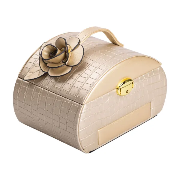 Шкатулка отличается жестким корпусом, защищающим содержимое от внешних воздействий. Внешнее покрытие выполнено из экокожи с тиснением, элементы фурнитуры изготовлены из стали с гальваническим покрытием.
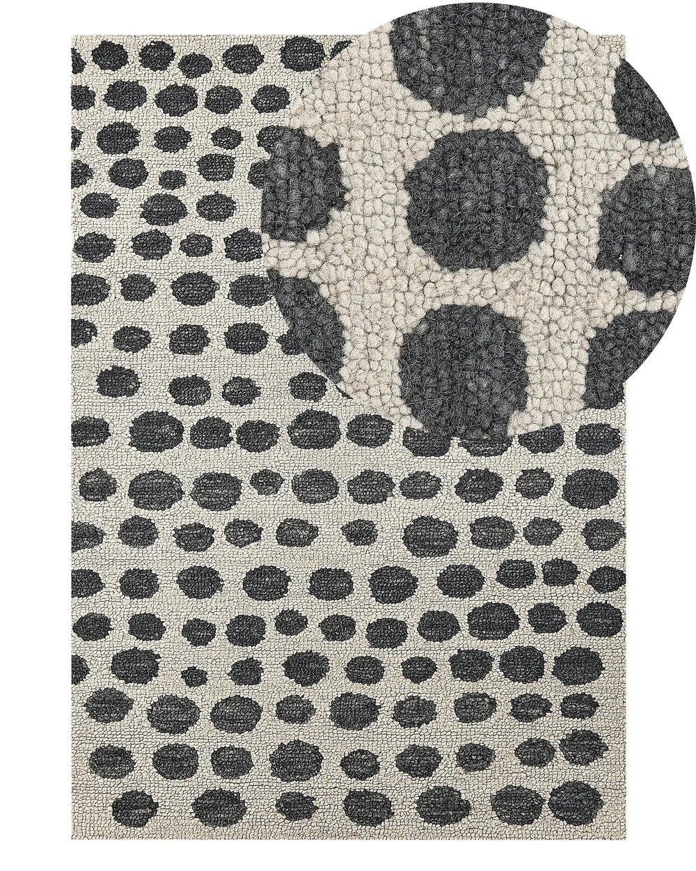 Area Rug Beige and Black Wool 140 x 200 cm Hand Tufted Spotted Pattern Boho Living Room Bedroom Beliani
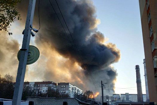 Un incendiu de proporții a fost semnalat și în Lviv, iar imaginile postate pe Telegram arătau un nor uriaș de fum deasupra orașului la răsăritul soarelui.
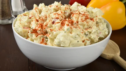 We know that hummus pairs beautifully with Mediterranean flavors, so if you're looking for a starting point to test out this ingredient in potato salad, try a bowl that incorporates mix-ins like olives, artichokes, red pepper, red onion, cucumber, and feta cheese. If you want to add a little extra punch to balance out hummus' mild creaminess, try a dash of lemon juice or red wine vinegar. Almost any recipe can benefit from this tahini-based spread, so feel free to incorporate it into French, classic Southern, or creamy dill potato salad as well.
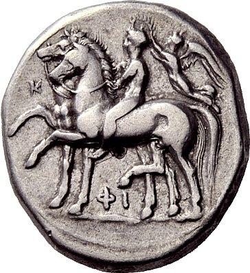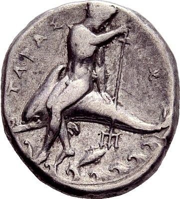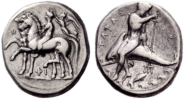 Greek Coins, Calabria, Tarentum, Nomos ca. 340-335, AR 7.73 g. Naked ephebos, crowned by Nike flying l., riding trotting horse l. and leading another beside it in the background. Rev. Dolphin rider l., bending back to strike fish below dolphin; beneath, waves. Vlasto 402 (these dies). Fischer-Bossert 708. Historia Numorum Italy 872. Rare. Toned, attempt at piercing below horse on obverse, otherwise very fine
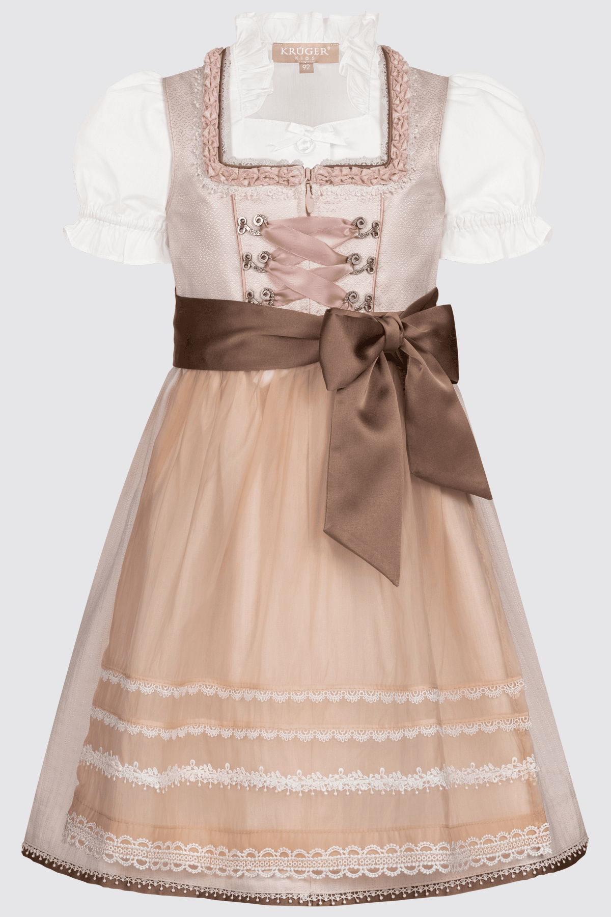 Deine kleine Wiesn-Prinzessin wird dieses wunderschöne Dirndl lieben! Das traditionelle Trachtenkleid im klassischen A-Linien-Schnitt ist perfekt für Oktoberfest, Volksfeste und besondere Anlässe. Mit handgestickten Alpenblumen-Motiven und zierlichen Rüschenborten am Dekolleté sieht es einfach authentisch aus. Die verstellbaren Träger und der elastische Taillenbund ermöglichen eine perfekte Passform und wachsen sogar mit - ideal für Mädchen von 2-16 Jahren! Das Set besteht aus Kleid, Bluse und farbkoordinierter Schürze für den ikonischen Dreiteiler-Look. Aus atmungsaktiven Funktionsstoffen, die auch in vollen Festzelten für ein angenehmes Hautklima sorgen. Robust verarbeitet und knitterarm - perfekt für viele Wiesn-Besuche! Einfach bei 30°C zu waschen.

WHAT THE EXERCISE ASKS: Where an entry holds a picture, leave the picture out and output the rest exactly.

COMPLETED TASK:
 Шкатулка отличается жестким корпусом, защищающим содержимое от внешних воздействий. Внешнее покрытие выполнено из экокожи с тиснением, элементы фурнитуры изготовлены из стали с гальваническим покрытием.
 Area Rug Beige and Black Wool 140 x 200 cm Hand Tufted Spotted Pattern Boho Living Room Bedroom Beliani
 Un incendiu de proporții a fost semnalat și în Lviv, iar imaginile postate pe Telegram arătau un nor uriaș de fum deasupra orașului la răsăritul soarelui.
 We know that hummus pairs beautifully with Mediterranean flavors, so if you're looking for a starting point to test out this ingredient in potato salad, try a bowl that incorporates mix-ins like olives, artichokes, red pepper, red onion, cucumber, and feta cheese. If you want to add a little extra punch to balance out hummus' mild creaminess, try a dash of lemon juice or red wine vinegar. Almost any recipe can benefit from this tahini-based spread, so feel free to incorporate it into French, classic Southern, or creamy dill potato salad as well.
 Greek Coins, Calabria, Tarentum, Nomos ca. 340-335, AR 7.73 g. Naked ephebos, crowned by Nike flying l., riding trotting horse l. and leading another beside it in the background. Rev. Dolphin rider l., bending back to strike fish below dolphin; beneath, waves. Vlasto 402 (these dies). Fischer-Bossert 708. Historia Numorum Italy 872. Rare. Toned, attempt at piercing below horse on obverse, otherwise very fine
 Deine kleine Wiesn-Prinzessin wird dieses wunderschöne Dirndl lieben! Das traditionelle Trachtenkleid im klassischen A-Linien-Schnitt ist perfekt für Oktoberfest, Volksfeste und besondere Anlässe. Mit handgestickten Alpenblumen-Motiven und zierlichen Rüschenborten am Dekolleté sieht es einfach authentisch aus. Die verstellbaren Träger und der elastische Taillenbund ermöglichen eine perfekte Passform und wachsen sogar mit - ideal für Mädchen von 2-16 Jahren! Das Set besteht aus Kleid, Bluse und farbkoordinierter Schürze für den ikonischen Dreiteiler-Look. Aus atmungsaktiven Funktionsstoffen, die auch in vollen Festzelten für ein angenehmes Hautklima sorgen. Robust verarbeitet und knitterarm - perfekt für viele Wiesn-Besuche! Einfach bei 30°C zu waschen.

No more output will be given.